PRESIDENT WANT MEN TO WORK LESS AND SPEND MORE TIME WITH THEIR FAMILIES.
Prime Minister Shinzo Abe of Japan is making efforts to rethink Japan’s workaholic tradition, where men routinely spend long hours in the office and little time with their families. This is affecting Families negatively as divorce rate presently stands at an about 33% of Marriage, that is 1 in 3 of all Marriages ends in Divorce.
According to the Health, Labor and Welfare Ministry, 253,353 couples were divorced—which works out to one divorce every two minutes and four seconds—and 708,000 were married in 2010. A population survey report by the ministry shows the number of divorce cases in 2009 was about 3.5 times than 50 years ago
Most of these divorces are attributed to Workaholic habits of Men in Japan.

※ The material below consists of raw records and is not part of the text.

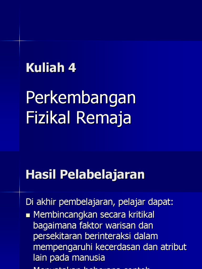 11032019 Perkembangan dunia telekomunikasi menggalakkan penciptaan aplikasi permainan atas talian dan penggunaan media sosial menjadi popular dalam kalangan remaja. Pengaruh baka adalah lebih bagi ciri-ciri fizikal. 28022007 Secara ringkasnya pertumbuhan fizikal remaja adalah dalam kadar sederhana iaitu tidak terlalu pesat seperti pada zaman bayi dan kanak-kanak.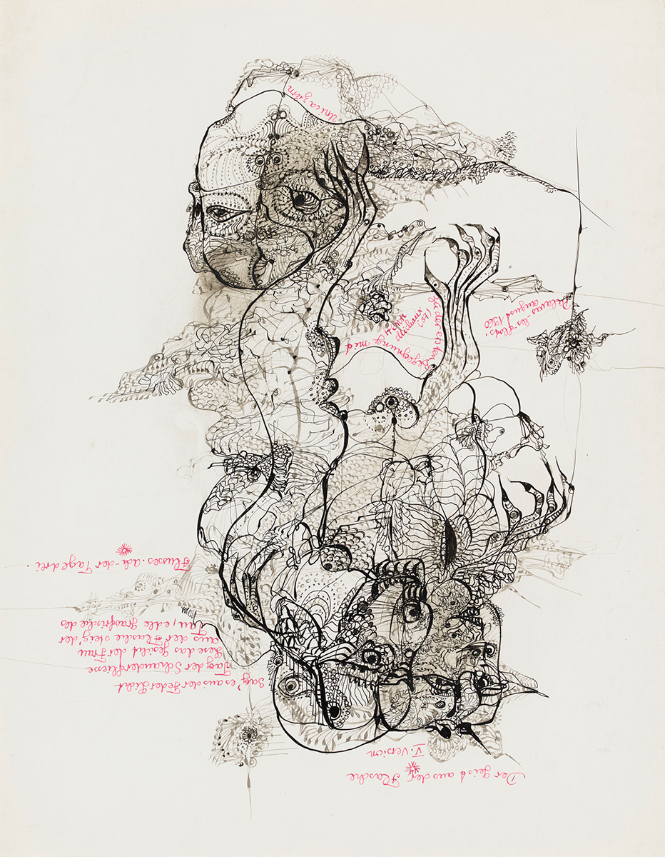 Ce dessin laissé à l’état de manuscrit fait partie, comme l’indique l’inscription située dans la partie supérieure, du tome V de l’Oracles et spectacles, également entré dans la collection. Datée d’août 1960 et localisée à Palavas-les-flots, cette feuille est à mettre en relation, comme Zürn le précise, avec sa première rencontre avec Henri Michaux en 1957. Lors de son internement à l’hôpital Sainte-Anne en 1961, il lui offre un cahier d’écolier portant comme dédicace « Cahier de blanches étendues intouchées/Lac où les désespérés, mieux que les autres/Peuvent nager en silence, / S’étendre à l’écart et revivre » et dans lequel elle poursuit pendant plusieurs années son œuvre dessiné.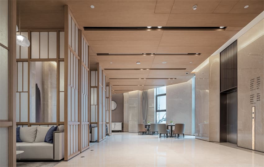 洽談區(qū)延續(xù)柔和的原木色調(diào),以古樸木藝與通透紙質(zhì)的搭配,圍合出靜雅有序的洽談場域。設計透過藝術語匯詮釋材質(zhì)、色澤、幾何形制等調(diào)性,營造對話與碰撞,賦予空間人文藝術的溫度與創(chuàng)新格調(diào)。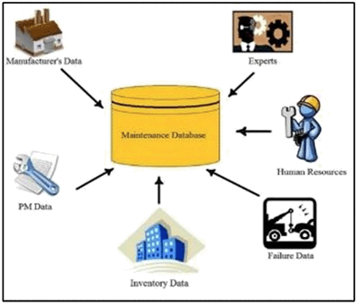 All maintenance systems produce data which are used to observe and monitor the condition of the assets in the company. These data are usually stored in huge maintenance databases. Figure 1 overviews the sources of data available to be interrogated and analysed for business information and added value.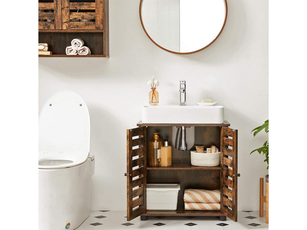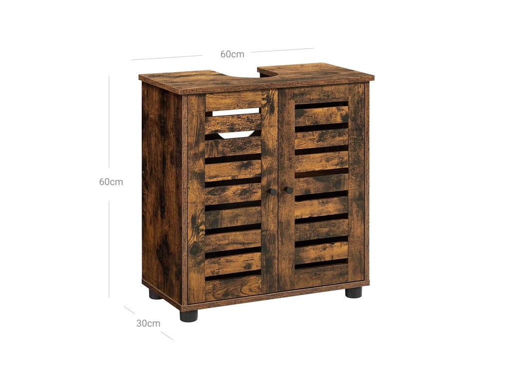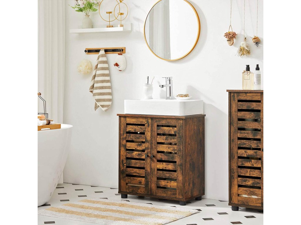 Koupelnová skříňka pod umyvadlo, podlahová skříňka do koupelny, úložná skříňka, 60 x 30 x 60 cm, se 2 žaluziovými dvířky, nastavitelná police, rustikální hnědá.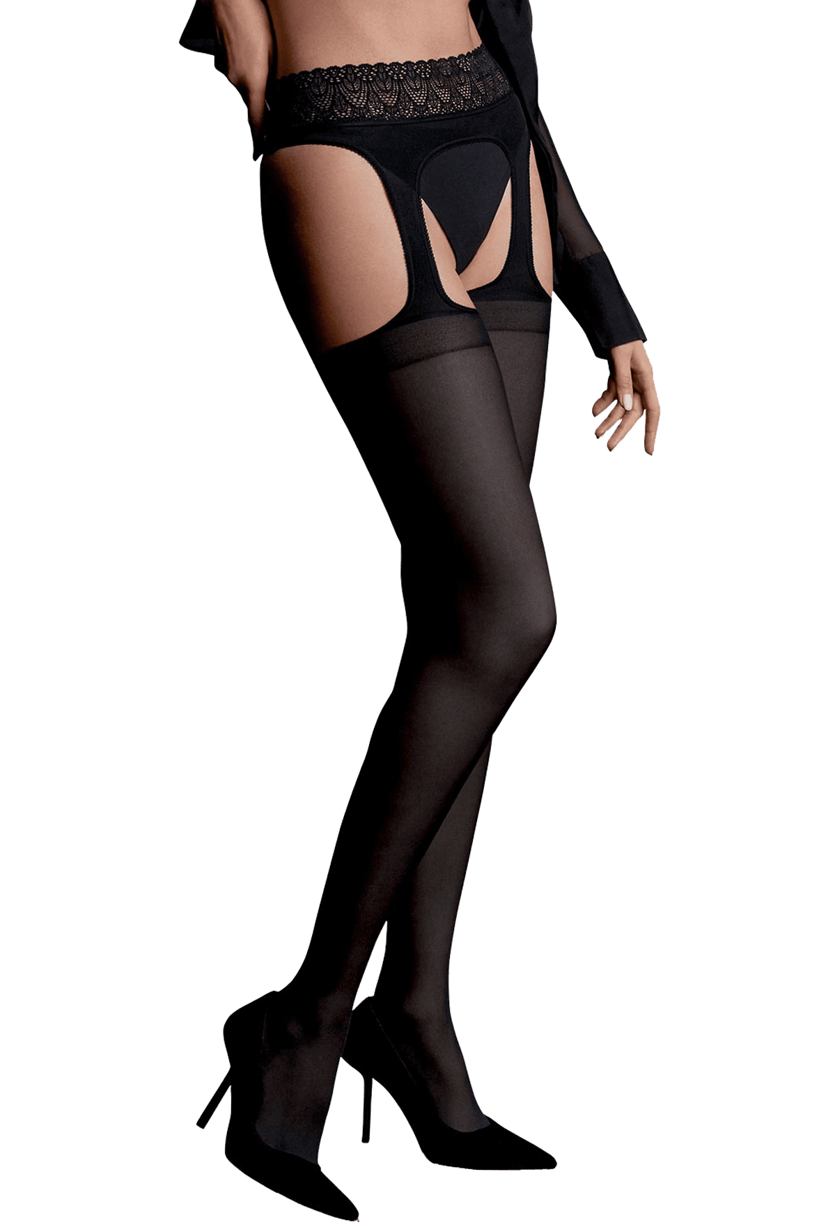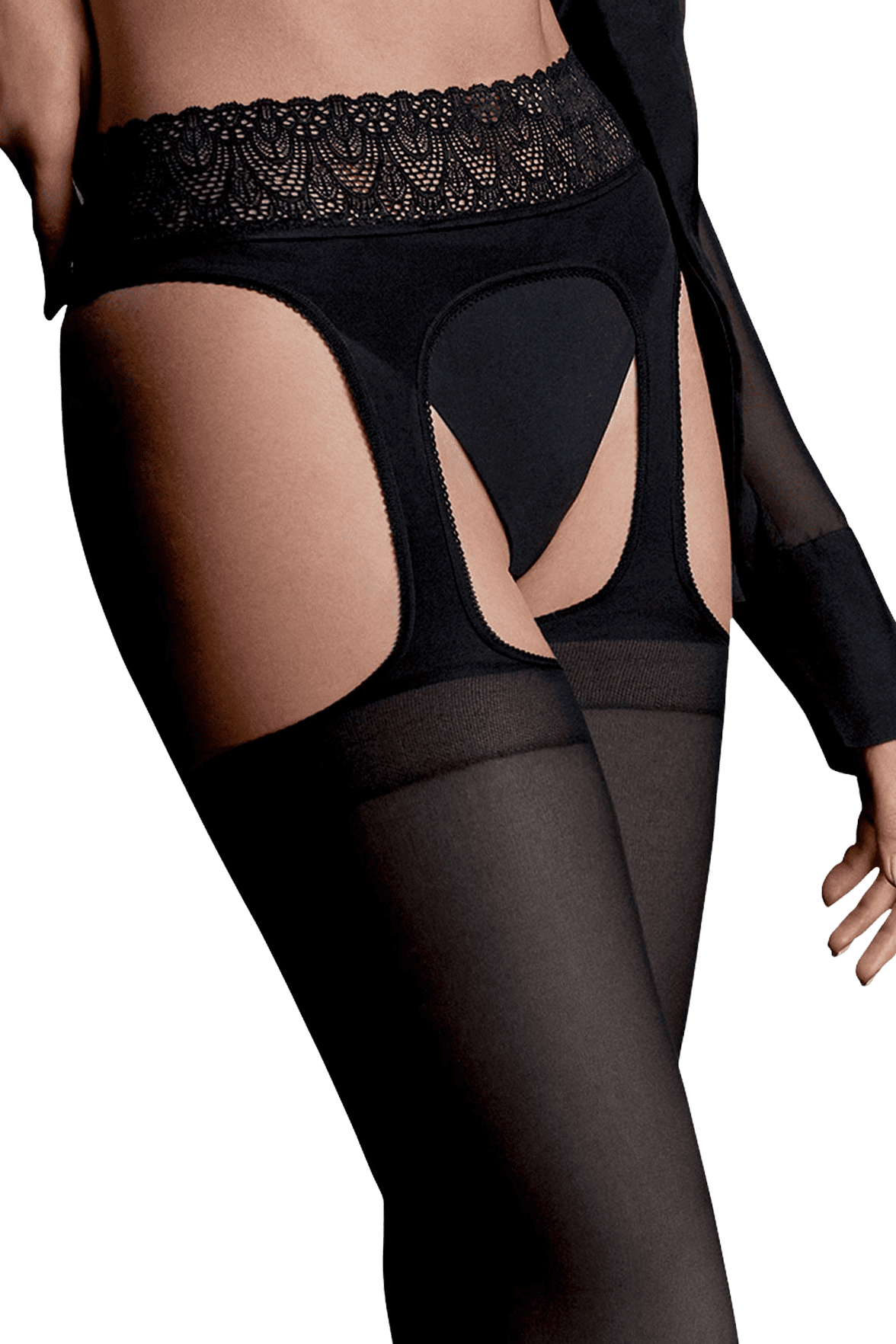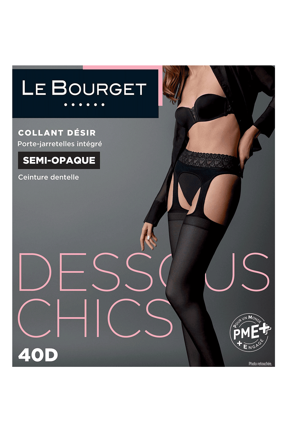 Collant Semi-Opaque Ceinture Dentelle et Porte-Jarretelles Intégré 40D Dessous Chics Désir – Noir

When Former Prime Minister Junichiro Koizumi was divorced in 1982. His wife said he was very busy and had little time for her
The government recently unveiled its first-ever initiative to limit overtime in a bid to tackle karoshi or death from overwork
Japanese commuters will be encouraged to work from home for one day in a nationwide exercise for the 2020 Olympics that authorities hope will ease congestion on roads and public transport. Tokyo has declared July 24 — exactly three years before the opening ceremony of the summer games — as “Telework Day” and wants firms and government departments to let employees work remotely.

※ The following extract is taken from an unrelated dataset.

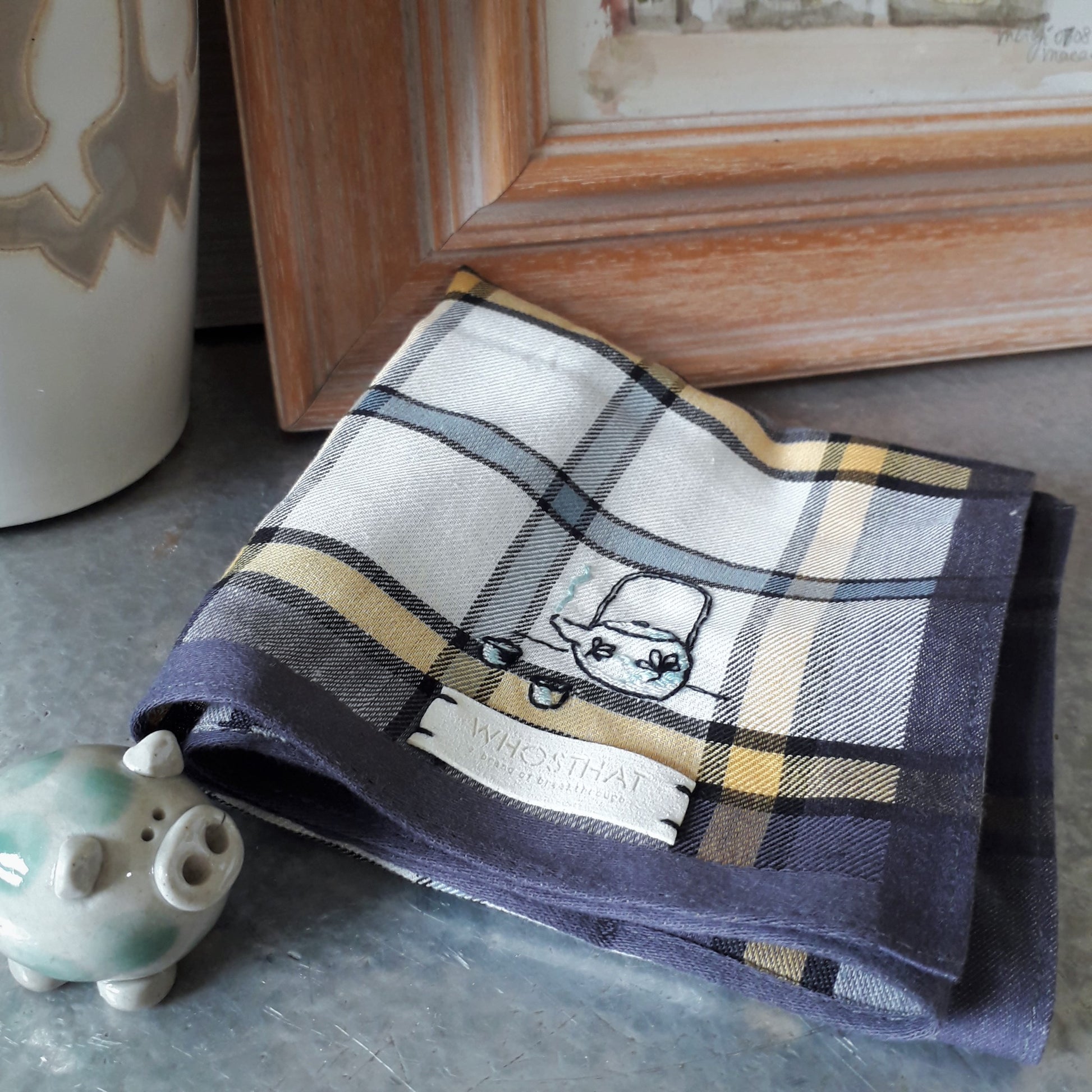 Hand embroidery pure cotton plaid handkerchief pocket square - TOGETHER

Greater Tokyo, with a population of more than 30 million people — about a quarter of Japan’s total — is notorious for its packed trains and subways during peak morning rush hours. The plan is part of, and it hopes that more workers will telecommute after the Olympics finish as a lasting legacy giving a room for more Family life.

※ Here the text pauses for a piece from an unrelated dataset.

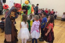Бүген уртанчылар һәм зурлар төркеменә Любимка исемле клоун көз көне туган көннәре булган балаларны бәйрәмнәре белән котларга килде.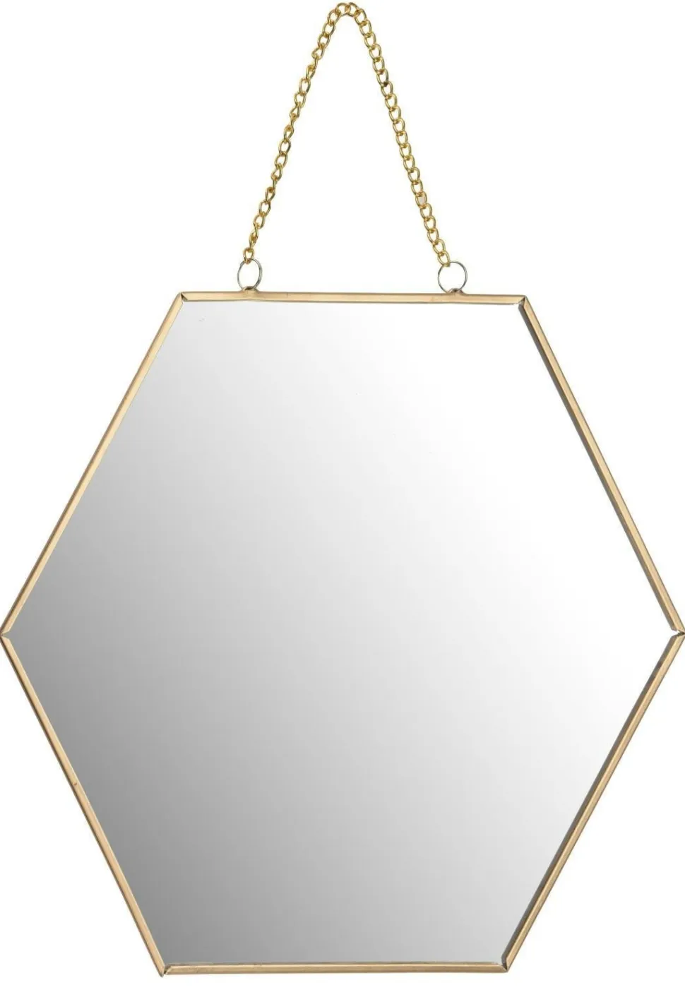 Hexa Gold w rozmiarze L to minimalistyczne lustro, które będzie pasować do wielu wnętrz i aranżacji. Sześciokątne, srebrne zwierciadło otacza metalowa rama w kolorze złotym. Całość zawieszona jest na delikatnym, złotym łańcuszku. Lustro Hexa to stylowa ozdoba do salonu, sypialni a także łazienki. Wpisuje się w najnowsze trendy, a dzięki prostemu, klasycznemu designowi nigdy nie wyjdzie z mody.

“During the Tokyo Olympics, we are expecting serious traffic congestion particularly on the day of the opening ceremony,” said Internal Affairs Minister Sanae Takaichi. “We believe telework will have a significant impact in easing traffic congestion and commuter crowding.”
More than 60 companies, including big names such as beverage firm Suntory, Japan Airlines and Microsoft, have so far pledged to participate.
Officials hope that as many as 1,000 companies will take part, Kyodo News agency reported.